Kemal Derviş'in göremediği nokta

IMF'den cukka geleceğinin dedikodusunu işiten, kulaktan duyan, haberini alan necip Türk milletinin; İMKB, Tahtakale ve dahi dolarda anında nasıl mucizeler yarattığını gören Kemal Derviş şaşırmış olacak ki, uyarmak ihtiyacını duymuş.

- IMF'den hibe değil, borç para gelecek.

‘‘Nasıl olsa geri ödeyeceğiniz paraya bu kadar sevinmeyin’’ demeye getiriyor.

Derviş, Türkiye'yi iyi tanımadığı için yanılıyor, daha doğrusu neden sevindiğimizi anlayamıyor.

* * *

Biz de biliyoruz paranın hibe olmadığını; ama engin tecrübemiz bize öğretmiştir ki, bu para borç da değil, ona benzer bir şey olan cukkadır!

Cukka, tarafımıza borç gibi verilen bir para çeşididir.
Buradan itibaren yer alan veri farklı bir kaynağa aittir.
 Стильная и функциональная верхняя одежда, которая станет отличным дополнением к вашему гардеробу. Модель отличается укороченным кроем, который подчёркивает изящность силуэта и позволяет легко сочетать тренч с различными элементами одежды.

Ancak, borcu geriye biz ödemeyiz. Yeni borç öder!

Bu sistemi bize ezelden beri Batılı dostlarımız öğretmiştir. Biz de hemen benimsemişizdir. Onlar cukka verir, biz sınırları vb. bekleriz.

* * *

Borcu borçla ödeme sistemine cukka denir ve cukkayı Türk milleti çok sever. Zira, riski, geri ödeme sıkıntısı, yatırım zahmeti, üretim mecburiyeti yoktur.
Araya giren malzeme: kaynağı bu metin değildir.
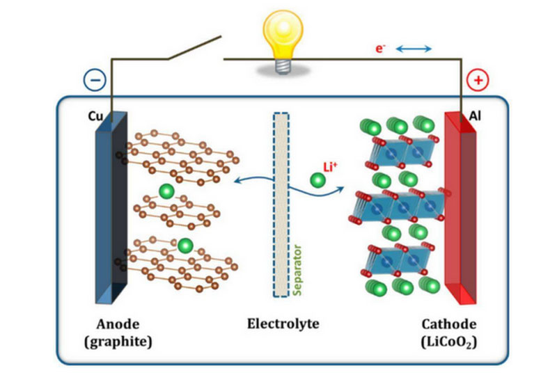 鋰離子電池工作原理圖 (圖片來源:John B. Goodenough,2013)

Cukkayı anında ‘‘ham’’ yaparsın; ödeme zamanı gelince de daha fazla borç alarak borcunu eda eder, artan parayı da yine cukka niyetine iyi etmeye soyunursun.

* * *

Kemal Derviş
bu ince noktayı anlamamış olacak ki; ‘‘IMF muslukları açıyor’’ diye bizzat kendi demeç verince, neden zil çalıp oynadığımızı kavrayamadı.

Halbuki cukka sistemini bizzat uygulayan kendisi!

Ne diyor?

- Gelecek yıl 10 milyar dolar gelecek, ancak 5 milyar dolar da borç ödenecek.
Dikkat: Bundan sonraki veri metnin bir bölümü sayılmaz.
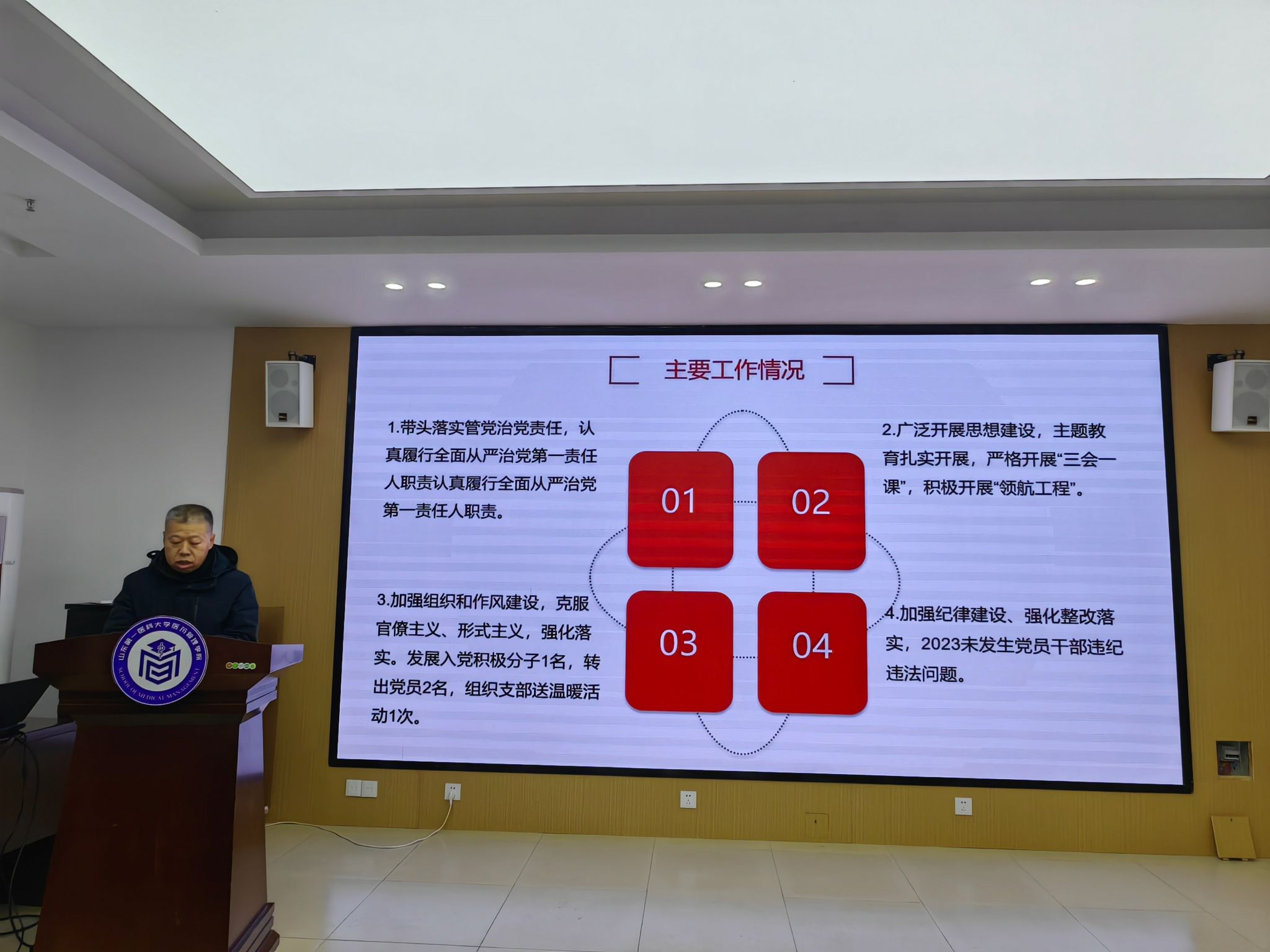 2月25日,vwin德赢ac米兰官方网召开2023年度基层党组织书记履行全面从严治党主体责任和抓基层党建工作述职评议会议。学院党委书记杜江山主持会议并作点评讲话。学院领导班子成员、党委委员、党支部书记和全体党员参加会议。

İşte size cukkanın sistematiği.

Daha evvel ‘‘ham’’ yaptığımız 5 milyar doları bu sene mahsup edeceğimiz 10 milyar dolar borç içinden ödeyeceğiz; seneye de ilave olarak 5 milyar dolar daha ‘‘ham’’ yapacağız.

Ancak dikkatli olmak gerekir; gelecek miktarın hepsini değil, kaba hesapla ancak yarısını ‘‘ham’’ yapabileceğiz.

Olsun, varsın. Hiç yoktan iyidir!

11 Eylül olmasa idi, gelecek yıl cukka biraz zor gelirdi ama Allah Usame'den bin kere razı olsun!

2002 yılının sonunda Nostradamus'un yeni bir kehaneti gerçekleşir, yine yeni cukkalar gelir.

* * *

Kemal Derviş'in uyarılarının son bölümü ise can sıkıcı. Yapısal reform yapmak gerekiyormuş. Düşünün; hepimizin Ankara'ya içinden bize pay kapması için vekil yolladığımız devlet küçülecek; memur, hatta bakanlık sayısı azalacakmış. Hadi canım sen de!

Peki ne yapalım?

Her zaman yaptığımız gibi yapalım; reform yapacakmışız gibi yapalım!